The second chapter changes tack after such a promising start and instead of anatomising what Nicholson detects as a music in some sort of falling trajectory in terms of audiences and artistic ambition moves on to its supposed universality. The chapter heading is ‘Jazz May Be Universal, But Does it Have a Universal Meaning?’ tackling the issue head on. Tracing the rise of jazz along with the rise of the record industry, the universality of a listening medium eventually matched by a perceived universality by the mid-1950s of jazz as an international musical language, is the way in here. The discussion does ramble a bit but eventually moves into involving ideas drawn from psychology dwelling on a discussion of music and emotion which is stimulating. Better though is when the discussion moves on to cultural backdrop.

The next chapter, ‘The Globalization of Jazz’ is where Is Jazz Dead? (Or Has It Moved to a New Address), one of the most significant books about jazz written in the last few decades, left off. The significance of this chapter is highlighted a little by greyscale graphics added to several pages filled with quotations from musicians offering their views on glocalisation, the creation of local sub-genres for instance within jazz. Pat Metheny puts his finger on the crux of the matter best and this certainly coincides with Nicholson’s authorial stance. Metheny says: “It’s harder and harder to support the myth of jazz as ‘America’s Classical music’.” The book enters the realm of an academic text book here and in this differs a good deal from Is Jazz Dead, which was suitable more for a general reader.

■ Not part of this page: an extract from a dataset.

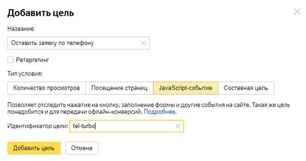 tel-turboin this example), and click Add goal. The created goal will appear in the list of goals. Yandex.Metrica will start collecting statistics on it within a few minutes.

Among the knotty subjects raised there are interesting comparisons made between Paul Gilroy’s diaspora theorising and what Nicholson refers to as the thinking of New Jazz Studies academics, avoiding talk of national culture in jazz as the latter ideology has it, one key point.

By the end I got the distinct feeling of having eavesdropped on a lot of complex conversations that as the book wore on got more and more involved, sometimes ones that nonetheless petered out but always involved issues that need discussing. The most significant part is probably the extra detail about glocalisation, and in a long section Nicholson goes into a lot of detail about this with “Real Life Examples”. The reader is left dangling a bit at the end, a feeling a short summary drawing all the threads together might well have prevented.